A few months ago I was asked to read and review a book called The Science of Mom: A Research-Based Guide to Your Baby’s First Year by Alice Callahan. Alice is a blogger with whom I am familiar because she lives just down the road in Eugene.  Now, my kids are much older than one year and to be honest, I don’t normally review books. But I’ve gotten a lot of support from fellow bloggers in this space, so I felt like I should at least give it a read and if I didn’t think it was useful, I wouldn’t review it. Alice is a new(ish) mom who has a PhD in nutritional biology and spent two years investigating fetal physiology as a postdoctoral scholar, so she’s clearly qualified to write on the subject.

Her book is fantastic. If all you do is stand in Barnes and Noble and read one chapter, read the chapter about vaccines. It should be required reading for all new parents. Alice writes in a soft and non-judgmental way, in a way I’d have a hard time doing. It’s not pushy,  just informative. I’m not even going to have any more kids and I was reading out loud to my husband at night about the science behind when to cut the umbilical cord, simply because I found her presentation of the subject so compelling. In her book, Alice has applied her scientific scrutiny of the literature on subjects ranging from the benefits (or lack-thereof) of breastfeeding, to the cultural framework behind co-sleeping, to what your baby’s first foods should be. She calms fears and provides parents with real facts. She doesn’t make the decisions for you, but she makes it a lot easier to make sound decisions.
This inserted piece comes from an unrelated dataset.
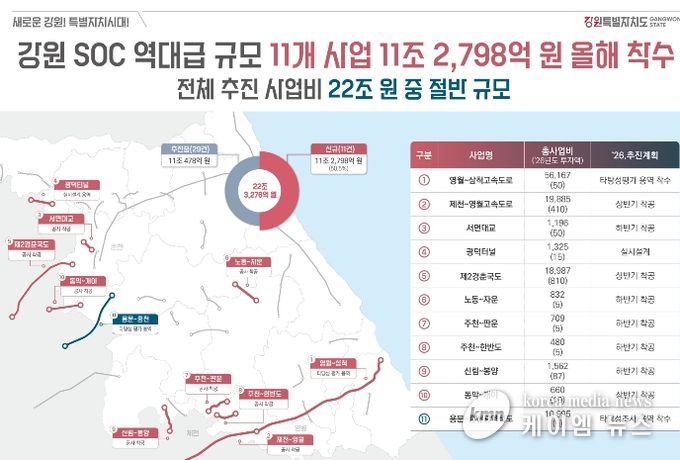 (케이엠뉴스) 강원특별자치도는 현재 추진 중인 SOC 교통망 사업 22조 원 가운데 절반이 넘는 11조 원 규모의 사업을 올해 본격 착수한다고 밝혔다.

So if you know someone who’s having a baby soon and you’re not sure what to get them for Christmas, get them this book. In fact, even if you already got them something, do them a favor and get them this book, too.  I wish I had read it when I was pregnant with June, because it would have kicked off my whole parenting experience on the right foot – an evidence-based foot. Thankfully, I’ve gotten there on my own, but for new parents Alice’s book provides the tools to potentially save them from falling into the black hole of pseudoscience and misinformation that runs wild in parenting communities. You should read this book, even if you’re like me and don’t plan to have more kids, because it’s interesting and well written.